The Social Democrats have repeatedly proposed a €30 weekly cost-of-disability payment in addition to increases in core social welfare rates. That is because with the cost of disability combined with systemic underemployment and the massive unmet needs in care, it is no wonder we have disgraceful and shamefully high rates of consistent poverty and social isolation among disabled people. Adding to the level of isolation is the completely inadequate approach to accessible pedestrian infrastructure and public transport outlined in the Irish Wheelchair Association's, IWA's, new report, Going Nowhere. The association was in the Houses last week.

It is now more than ten years since the then Fine Gael and Labour Party Government axed the mobility allowance and the motorised transport grant. At the time, the then Minister for Transport, Deputy Varadkar, promised replacement schemes would quickly be launched. However, a decade later, those replacement schemes are nowhere to be seen. To add even further insult to injury, the Minister, Deputy Humphreys, introduced a Green Paper proposing to replace the disability allowance, invalidity pension and blind pension, which are currently paid to approximately 225,000 people, with a so-called personal support payment. Under her plan, disabled people would be subjected to a medical assessment and put into three separate categories. Those with no capacity to work would get a slightly higher weekly payment and the others would be expected to take up training or find a job. This insulting proposal is a carbon copy of a system that was introduced in the UK under austerity measures in 2008. It is the same discredited policy that led to a disabled man starving to death after his out-of-work and housing benefits were stopped. His body was discovered by the bailiffs who came to evict him. Is this really the model that our Government wants to emulate?

Early in February I was contacted by distressed parents, teachers, and principals at the sudden change to the special education teaching, SET, allocations. Jobs were lost practically overnight and vital educational supports for children with disabilities and those with other complex needs were removed from a third of all schools in the country. Changes to special education teaching allocations will be disastrous for children with additional needs. The decision by the Department of Education to completely remove children with additional needs as a criteria for the allocation of special education teaching hours is dangerous and completely illogical. The purpose of SET hours is to provide extra teaching supports to children who require additional supports in schools. For years, these hours have been allocated based on a combination of factors, including the number of children with complex needs in a school. Removing the number of pupils who require, and are legally entitled to, extra educational supports from the criteria for allocating extra educational supports is completely illogical. More than that, it is detrimental to the education, well-being and development of children with complex needs.

Disability services, or their inadequacy, is one of the issues I am contacted about the most from people across Cork South-West and beyond. Sadly, we do not have a rights-based approach to disability; we have a budget-based model.

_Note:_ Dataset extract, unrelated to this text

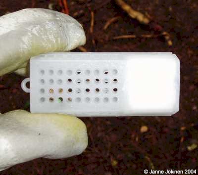 Emonantovaroituksia Sijoitin pesiini kesällä 2004 eri tilanteissa yhteensä neljä ostoemoa, jotka kaikki hyväksyttiin pesiin. Aina emot eivät kuulemma kuitenkaan kelpaa. Kannattaa siis olla huolellinen emojen pesäyttämisessä, koska ostoemot ovat niinkin kalliita. Parveilun estoon liittyvällä sivulla olen käsitellyt "varmana" mainostettua menetelmää emojen antamiseksi. Tämä menetelmä ei tietenkään toimi jaokkeen kanssa (jaokkeeseen tulee paljon mehiläisiä mukaan, kun taas "varmassa" menetelmässä vain jokunen), mutta jaokkeessa on kuitenkin nuoria mehiläisiä (hyväksyvät emot parhaiten) tilanteessa, jossa niillä ei ole emoa, jolloin todennäköisyys emon hyväksymiselle on kuulemma hyvä. Karmealta on kuitenkin tilanne välillä näyttänyt, kun emottomalle pesälle on antanut emokalikan. Heti ovat olleet ärhäkkänä kalikan ympärillä, kalikka löytyi seuraavalla käynnillä avattuna mutta emosta ei jälkeäkään... nuoret emot ovat minun vähäisen kokemukseni mukaan hyvin arkoja ja nopealiikkeisiä, ja osaavat vikkelästi liikkua tarhaajaa karkuun siten, ettei niitä välttämättä näe pesästä vaikka sinne olisivat kelvanneetkin. Toisaalta eivät ole aina ryhtyneet munimaan melkein viikkoonkaan, eli munatkaan eivät heti paljastaneet emoja. Kummajainen oli kerran ihmeellinen mehiläisrypäs, joka "valui" nopeaa vauhtia kehiä pitkin laatikon pohjalle ja sieltä ties minne. Kuvittelin nähneeni vilauksen vihreästä (emojen vuoden 2004 merkkausväri), mutta tuomitsin tämän pian harhaksi ja ihmettelin rypästä. Nettikeskustelussa kertoivat kuitenkin tuollaisesta ryppäästä, minkä keskelle uusi emo voi joutua... ihme porukkaa. Keskeinen idea omassa emontuotannossa olisi vähentää kustannuksia ja etenkin kustannusriskejä, koska hyvin epävarmalla pohjalla tuo emoutus mielestäni on, vaikka 100 %:n tulokseen pääsinkin. Muita kokeilujani lisätä pesämäärää Kesällä 2004 tein yhden jaokkeen ja kaksi perveilun eston yhteydessä syntynyttä pesää, joista enemmän parveilunestosivullani. Sattuipas kuitenkin tulemaan yhden ostopesäni mukana turhan vanha emo, eli kaksivuotinen (vuodelta 2002, keltainen merkkiväri). Yleensä emot vaihdetaan kahden vuoden iässä, minkä päätinkin tehdä - viime kesänä perusongelma oli parveiluinto, mutta luulin tuon yhden pesän yrittävän huonon emon hiljaista emonvaihtoa, vaikka jälkiviisauden mukaan olikin parveilukuumetta. Vaihdoin pesään uuden emon, mutta emojen myyjä kehoitti kuitenkin laittamaan vanhan emon jonnekin jemmaan pienen mehiläismäärän kanssa, siltä varalta että uusi emo ei pesälle kelpaisikaan. Laitoin vanhan emon 1.7. uuteen pesälaatikkoon (ei ollut erityisiä pikkupesiä) yhden peittosikiökakun, yhden rakennetun kehän, kahden vahapohjukekehän ja ruokintakehän kanssa. Ajattelin yhdistää mehiläiset (ilman emoa) takaisin emäpesään heti uuden emon annon onnistuttua, mutta vanha emopa oli todella hurja munimaan! Pesä paisui hyvin vahvaksi yksilaatikkoiseksi pesäksi heinäkuun aikana, minkä vuoksi aikanaan päätin antaa sen talvehtia omillaan. Yhden sikiökakun investoinnilla "jaoke" lähti siis hyvin vauhtiin. Tämän porukan kanssa tuli kuitenkin ongelma, koska minulta loppuivat kesällä pesälaatikot kesken kriittisessä vaiheessa. Pesä oli kerännyt laatikon täyteen hunajaa ja emolta väheni munintatila, mitä en sattuineista syistä tajunnut tarpeeksi ajoissa. Talvimehiläismäärä jäi siis kuitenkin melko pieneksi ja pesä mehiläismäärältään pienimmäksi talvehtijakseni - kokeneempien tarhaajien nyrkkisääntöjen mukaan talvehtimisvahvuus olisi tosin riittävä, mutta pesä on muutenkin vähän kokeilupesä, kun yritän talveutusta noin vanhalla emolla. Jatkossa tutkin lisää tapoja tehdä jaokkeita jo hyvin aikaisessa vaiheessa kesää - hunajamäärä kärsinee aikaisesta sikiöiden pöllimisestä muista pesistä, mutta miten vähäisellä peittosikiömäärällä pesä saataisiin talvehtijaksi? |

Services, supports and opportunities are decided based on Government budgets that do not allocate enough funding and they are not based on human rights. In a rights-based system, when you are entitled to a service, you receive it - from SNAs to carers, respite, accessible transport, and independent living accommodation. Ireland is so very far from this. Disabled people face an uphill battle from the day they are born. It is outrageous that often their biggest battle is with the State when they try to access basic services, such as an assessment of need, essential therapies or a school place.